Mlliyet Milliyet Blog Milliyet Blog
 
Facebook Connect
Blog Kategorileri
 

03 Kasım '07

 
Kategori
Yemek - Mutfak
 

Sinkonta

Sinkonta
 

Bu lafı, çocukluğumda çok duydum. Annem sık kullanırdı. Etrafımızdaki; müşkülpesent, buluttan nem kapan, takıntılı, silik, negatif insanlara verdiği ad, yakıştırdığı sıfat buydu: Sinkonta.


Birkaç sene öncesine kadar, bu lafın uyduruk bir laf olduğunu düşündüm. Bir ara aklıma geldi ve kelimenin kökenini araştırmaya karar verdim. Gastronomiye meraklı, hasbelkader gurmelik tarafı olan bendeniz için, ulaştığım sonuçlar çok şaşırtıcıydı.


Öncelikle, Türk Dil Kurumu büyük sözlüğü, “sinkonta” kelimesi için bir madde ayırmamış. Oradan elimiz boş çıktık.
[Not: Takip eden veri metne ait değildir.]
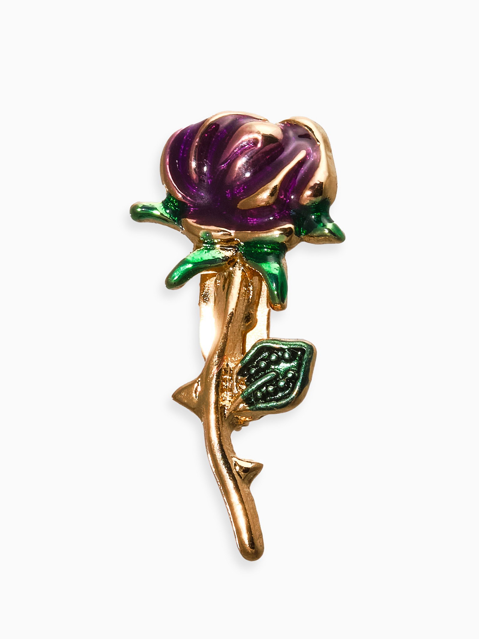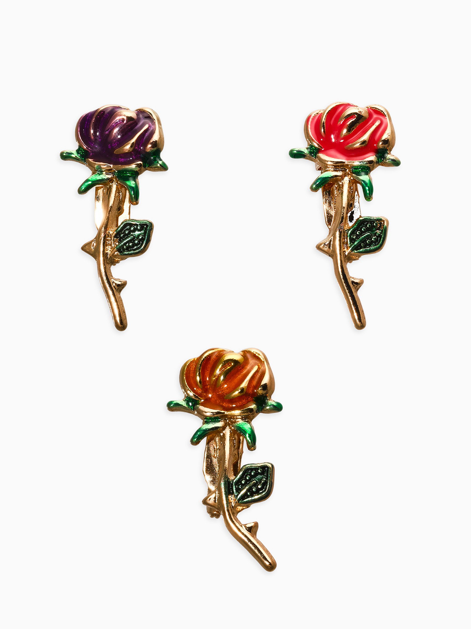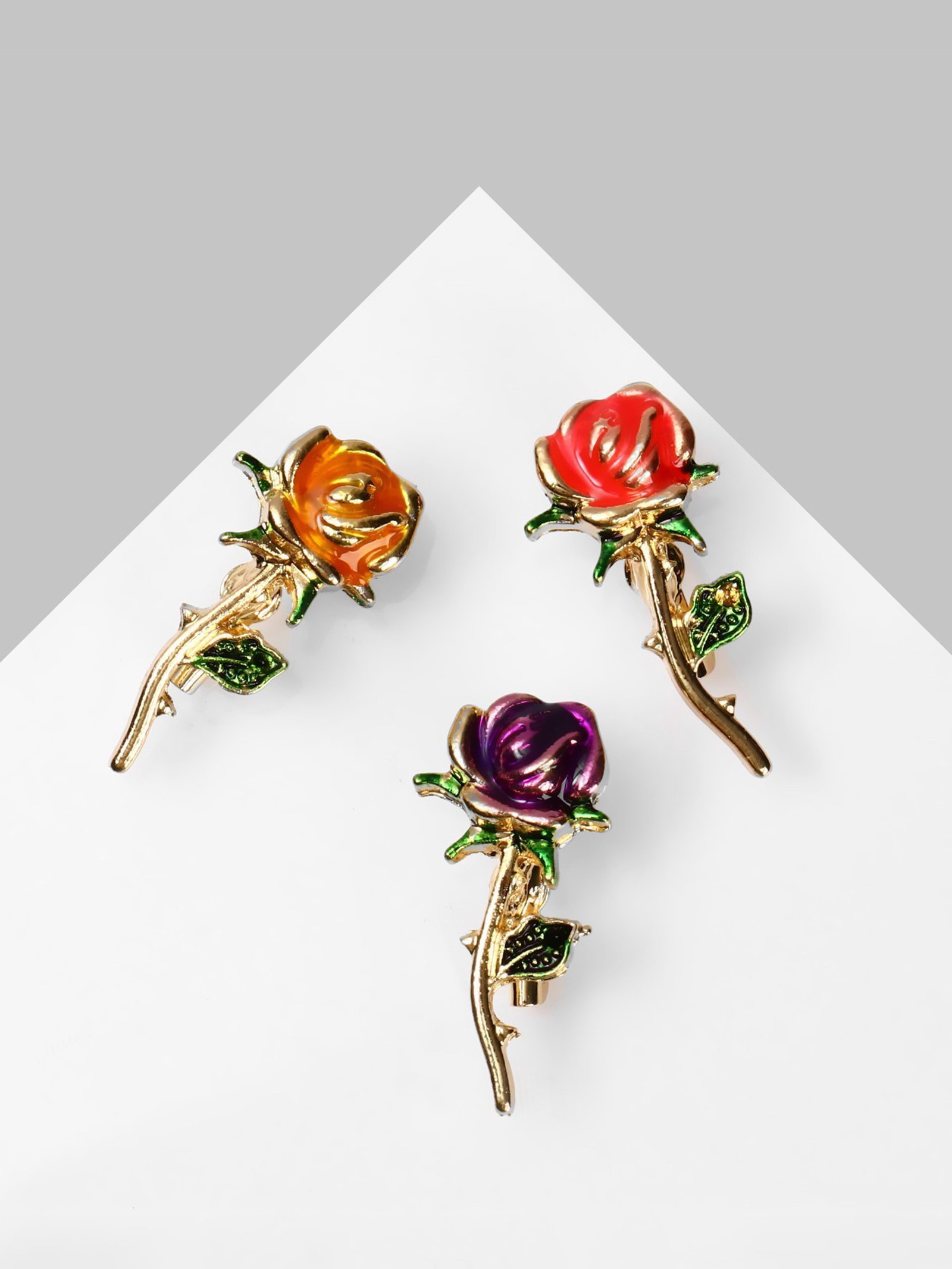Брошь "Роза" с листьями, цвет МИКС в золоте, 1.2x2.8x1 см., QF, Китай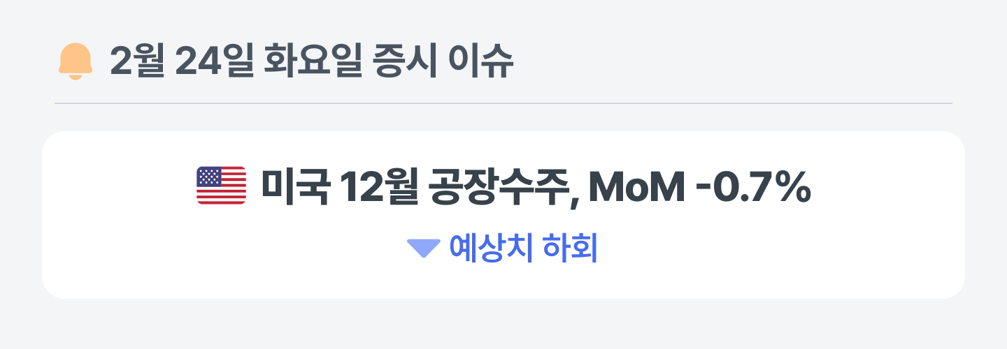 미국의 12월 공장수주 지수는 전월 대비 -0.7%를 기록하며 시장 예상치(-0.4%)를 밑돌았고, 직전 달의 가파른 상승분(2.7%)을 상당 부분 되돌리며 제조업 경기의 불확실성을 노출한 모습이에요.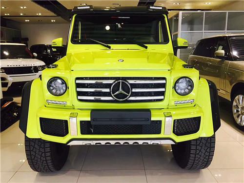 17款奔驰G5004*4在越野性能上,2017款奔驰G500 4x4²的离地间隙达到了450mm,涉水深度为1000mm,接近角和离去角分别为52°和54°。越野装备方面,进口2017款奔驰G500 4*4依然配备了G级车型引以为傲的前中后三差速锁系统(这和普通G500相同),并采用了与普通版G级车型不同的门式车桥。此外,新车装配了一套尺寸巨大的越野轮胎,轮胎型号为325 /55 R22。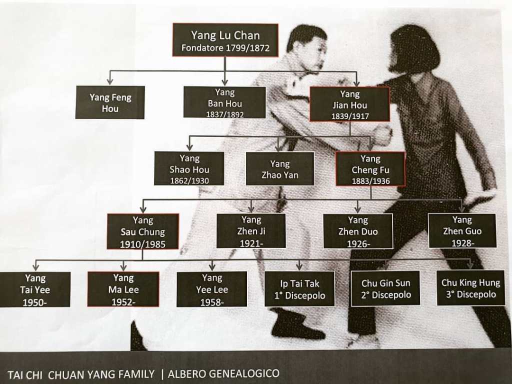 Ecco perché sotto il nome generico “Yang” rientrano stili che differiscono tra loro, in base alle linee ramificate dei diversi allievi. Per questo distinguiamo lo stile “Yang”, che segue una linea da maestro ad allievo, da quello della “famiglia Yang”, che studiamo noi, che segue la linea di sangue.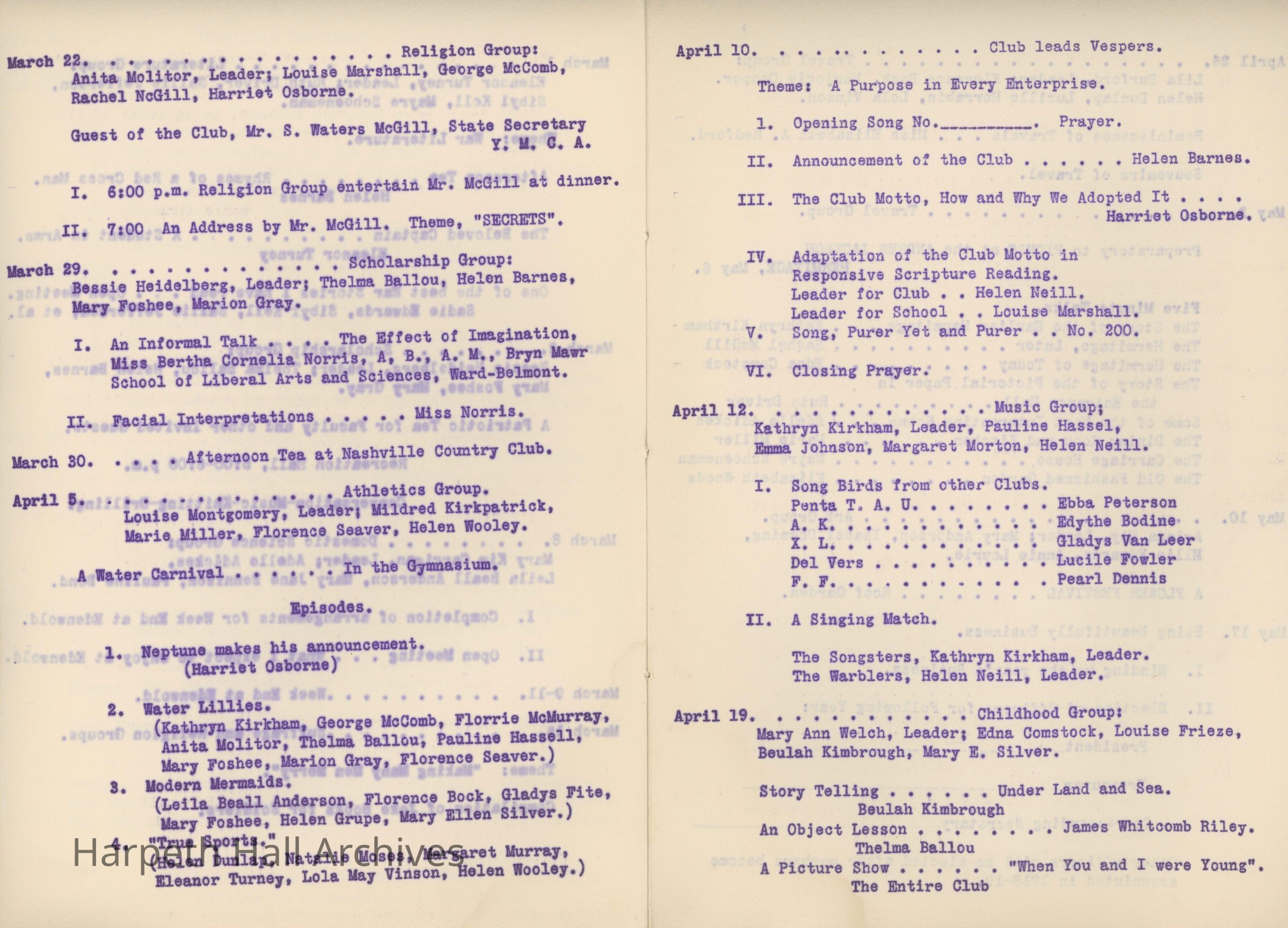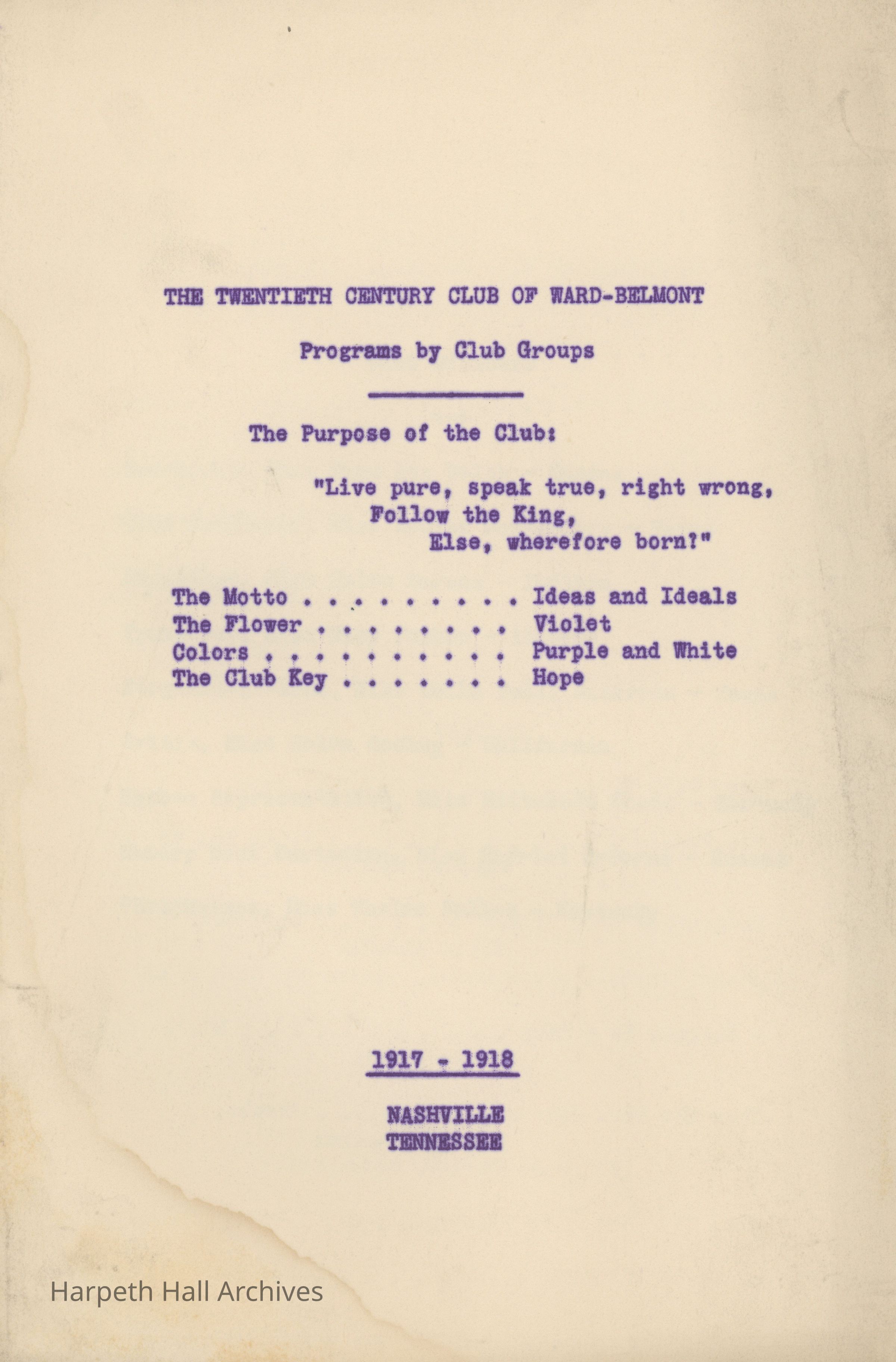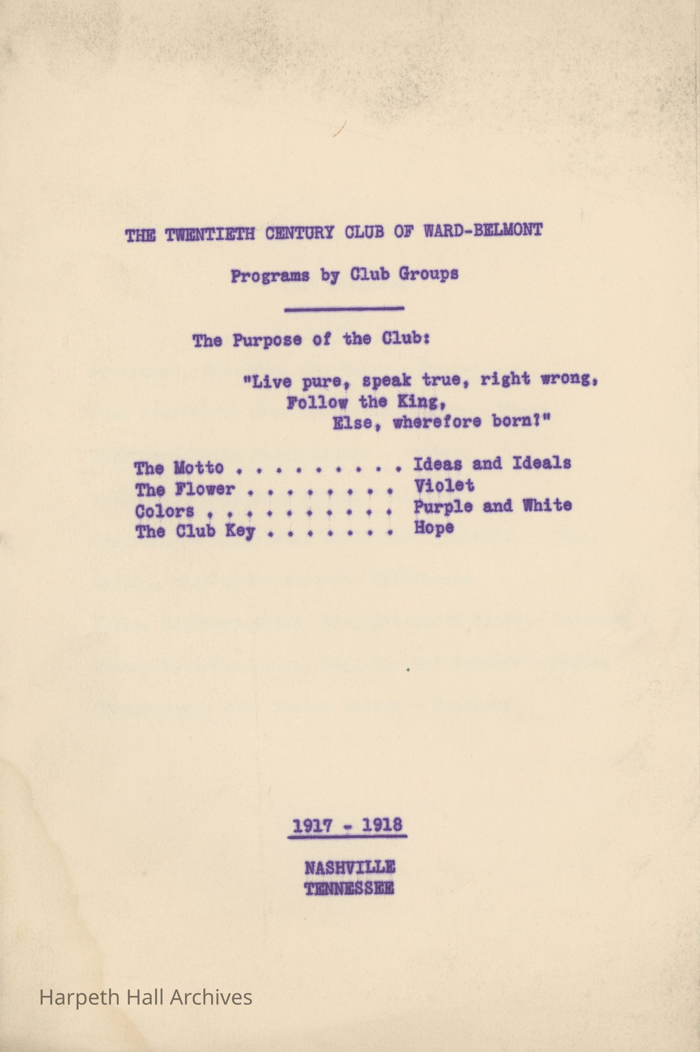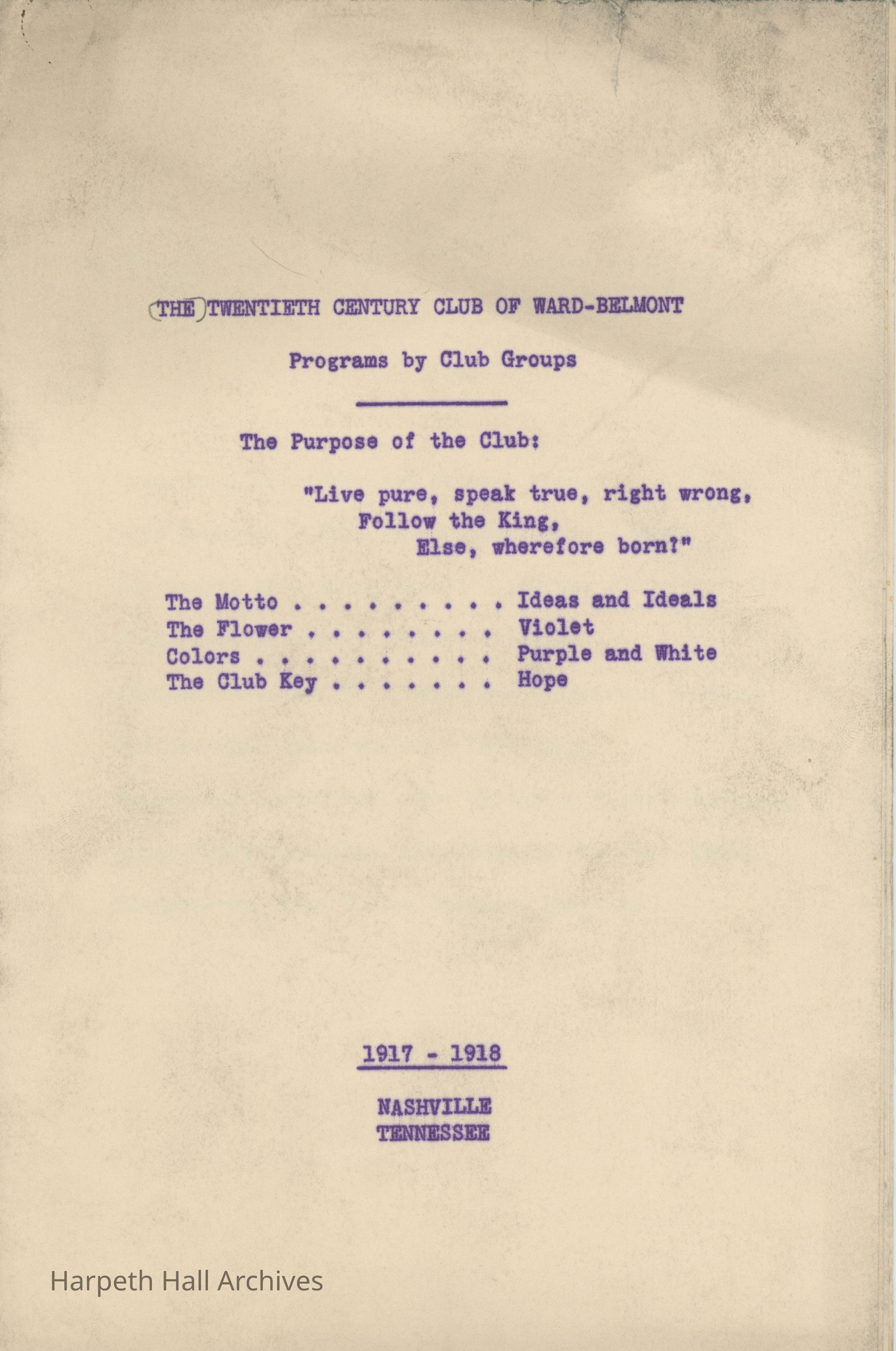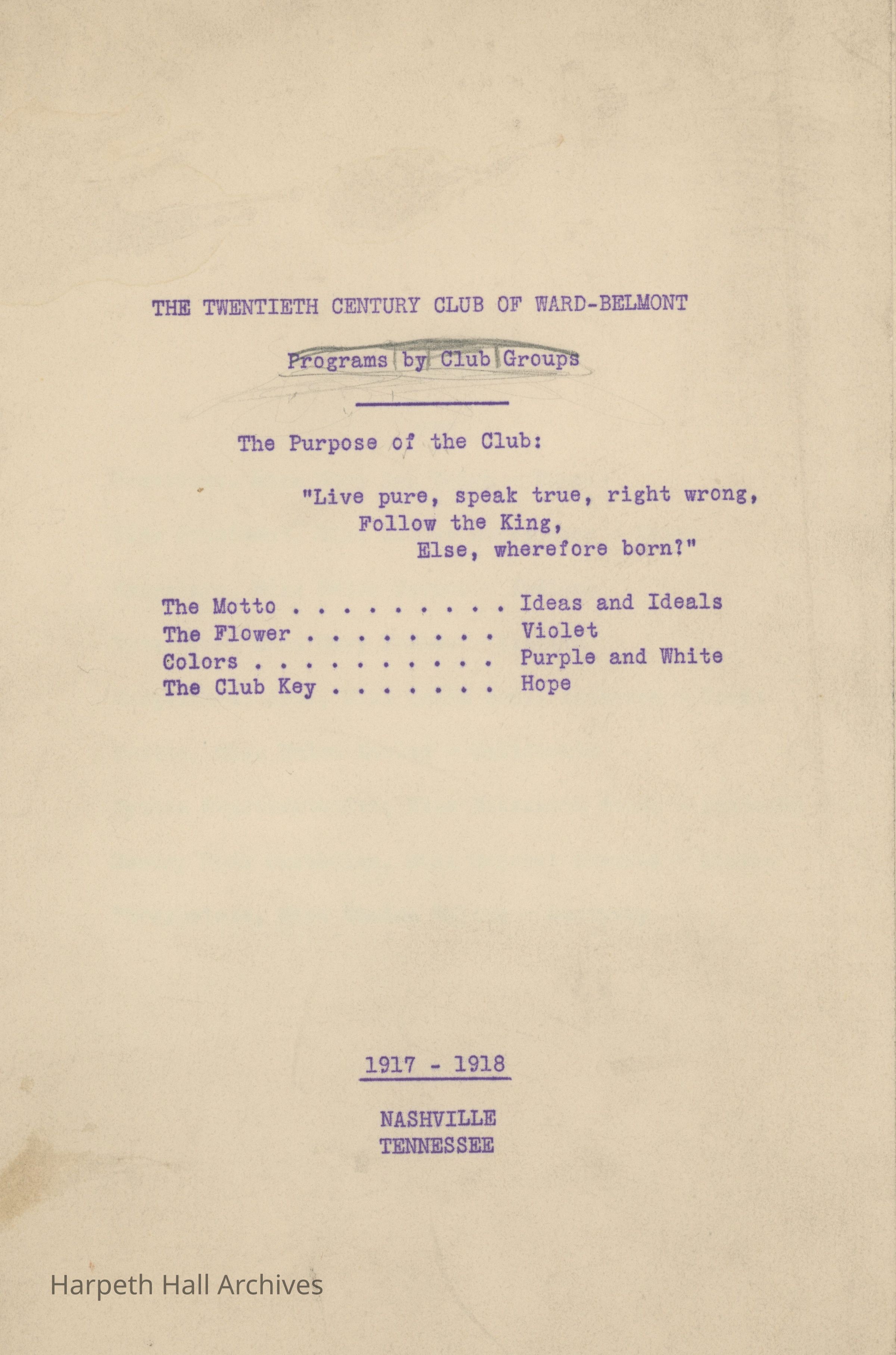 The Twentieth Century Club (T.C.C.) was a student organization and one of ten social clubs at Ward-Belmont, organized November 24, 1916. The club's purpose was an excerpt from English poet Alfred, Lord Tennyson's collection Idylls of the King, specifically “Gareth and Lynette" (1872): "Live pure, speak true, right wrong, follow the King, Else, wherefore born!" The club's motto was "Ideas and Ideals." Per the 1943 Milestones yearbook, club members "strive toward one goal - the maintenance of the high ideals of both their club and their school."Collection

Ancak internet ortamındaki bir başka sözlük sitesi kelimeye şöyle bir tanım vermiş: “<ı>Ne yararı ne de zararı olan gıcık kimse.” Eh bu tanım, muhterem anacığımı çok da yalanlamıyor. Ama asıl mevzu bu değil tabi.


Efendim, sinkonta; bal kabağı ile yapılan müthiş bir Batı Anadolu yemeği imiş. Özellikle de Manisa, İzmir, Ödemiş, Tire bölgelerinde yıllardan beri yapılagelmiş. Mesela Manisa’nın Merkez ilçesine bağlı, enteresan bir ismi olan Tilkisüleymaniye Köyü var. Bu köyün en meşhur yemeği sinkonta imiş.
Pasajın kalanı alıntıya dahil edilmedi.